Would you please return the line containing "민주통합당 충남도당위원장 박수현" and all the lines after it through the end of the records below, unchanged and on their own?

----------------------------------------

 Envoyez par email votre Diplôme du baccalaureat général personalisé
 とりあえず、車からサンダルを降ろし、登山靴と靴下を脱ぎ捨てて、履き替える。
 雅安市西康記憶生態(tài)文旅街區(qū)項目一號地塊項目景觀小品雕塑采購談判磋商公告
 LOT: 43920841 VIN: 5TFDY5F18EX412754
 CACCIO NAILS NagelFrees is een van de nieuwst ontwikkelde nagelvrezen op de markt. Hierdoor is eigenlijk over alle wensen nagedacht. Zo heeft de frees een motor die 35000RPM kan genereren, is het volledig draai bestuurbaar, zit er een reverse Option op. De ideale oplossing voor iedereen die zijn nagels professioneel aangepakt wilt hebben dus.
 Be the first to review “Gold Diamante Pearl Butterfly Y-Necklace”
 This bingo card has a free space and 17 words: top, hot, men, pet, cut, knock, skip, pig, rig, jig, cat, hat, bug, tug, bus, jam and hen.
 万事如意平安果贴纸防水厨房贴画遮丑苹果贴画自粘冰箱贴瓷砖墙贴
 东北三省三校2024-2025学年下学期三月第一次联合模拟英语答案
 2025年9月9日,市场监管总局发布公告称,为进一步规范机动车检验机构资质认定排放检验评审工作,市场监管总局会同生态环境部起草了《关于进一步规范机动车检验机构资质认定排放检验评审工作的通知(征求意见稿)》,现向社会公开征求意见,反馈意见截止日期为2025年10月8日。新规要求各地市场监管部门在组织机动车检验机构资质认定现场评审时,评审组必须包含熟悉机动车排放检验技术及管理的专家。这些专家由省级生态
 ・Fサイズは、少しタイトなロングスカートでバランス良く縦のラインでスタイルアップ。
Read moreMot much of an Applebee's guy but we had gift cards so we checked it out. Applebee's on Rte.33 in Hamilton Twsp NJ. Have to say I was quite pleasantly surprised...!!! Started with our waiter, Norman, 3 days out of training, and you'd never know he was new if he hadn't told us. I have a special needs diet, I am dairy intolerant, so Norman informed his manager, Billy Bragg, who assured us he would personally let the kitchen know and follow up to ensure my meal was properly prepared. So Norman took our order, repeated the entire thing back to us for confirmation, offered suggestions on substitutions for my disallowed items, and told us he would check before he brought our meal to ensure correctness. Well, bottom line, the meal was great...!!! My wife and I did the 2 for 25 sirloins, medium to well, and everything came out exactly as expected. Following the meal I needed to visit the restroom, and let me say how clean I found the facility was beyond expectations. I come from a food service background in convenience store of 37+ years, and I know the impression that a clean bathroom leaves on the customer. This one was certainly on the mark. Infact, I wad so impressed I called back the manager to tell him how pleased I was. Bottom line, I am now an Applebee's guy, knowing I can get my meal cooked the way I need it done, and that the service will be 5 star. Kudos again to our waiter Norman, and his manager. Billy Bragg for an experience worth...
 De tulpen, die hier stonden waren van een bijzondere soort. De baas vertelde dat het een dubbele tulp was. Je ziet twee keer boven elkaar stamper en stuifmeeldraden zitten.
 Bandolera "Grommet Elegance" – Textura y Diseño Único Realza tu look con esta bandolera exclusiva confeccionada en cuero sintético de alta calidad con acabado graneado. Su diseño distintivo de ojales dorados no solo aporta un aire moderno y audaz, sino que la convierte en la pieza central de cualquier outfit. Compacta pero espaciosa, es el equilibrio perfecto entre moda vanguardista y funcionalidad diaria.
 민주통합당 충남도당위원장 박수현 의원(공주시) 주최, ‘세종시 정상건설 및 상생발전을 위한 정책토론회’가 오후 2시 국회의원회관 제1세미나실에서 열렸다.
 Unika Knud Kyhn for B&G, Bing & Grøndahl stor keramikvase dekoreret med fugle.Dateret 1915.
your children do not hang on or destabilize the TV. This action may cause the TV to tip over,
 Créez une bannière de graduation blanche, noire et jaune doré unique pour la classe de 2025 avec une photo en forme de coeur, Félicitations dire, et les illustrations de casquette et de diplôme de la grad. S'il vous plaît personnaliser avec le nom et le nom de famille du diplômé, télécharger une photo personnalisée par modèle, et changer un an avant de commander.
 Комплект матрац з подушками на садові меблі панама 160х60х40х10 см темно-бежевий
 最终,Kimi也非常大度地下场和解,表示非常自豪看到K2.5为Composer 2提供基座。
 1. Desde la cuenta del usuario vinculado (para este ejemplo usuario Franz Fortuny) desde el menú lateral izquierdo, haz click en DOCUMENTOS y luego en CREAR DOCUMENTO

----------------------------------------

### ANSWER BOX:
 민주통합당 충남도당위원장 박수현 의원(공주시) 주최, ‘세종시 정상건설 및 상생발전을 위한 정책토론회’가 오후 2시 국회의원회관 제1세미나실에서 열렸다.
 Unika Knud Kyhn for B&G, Bing & Grøndahl stor keramikvase dekoreret med fugle.Dateret 1915.
your children do not hang on or destabilize the TV. This action may cause the TV to tip over,
 Créez une bannière de graduation blanche, noire et jaune doré unique pour la classe de 2025 avec une photo en forme de coeur, Félicitations dire, et les illustrations de casquette et de diplôme de la grad. S'il vous plaît personnaliser avec le nom et le nom de famille du diplômé, télécharger une photo personnalisée par modèle, et changer un an avant de commander.
 Комплект матрац з подушками на садові меблі панама 160х60х40х10 см темно-бежевий
 最终,Kimi也非常大度地下场和解,表示非常自豪看到K2.5为Composer 2提供基座。
 1. Desde la cuenta del usuario vinculado (para este ejemplo usuario Franz Fortuny) desde el menú lateral izquierdo, haz click en DOCUMENTOS y luego en CREAR DOCUMENTO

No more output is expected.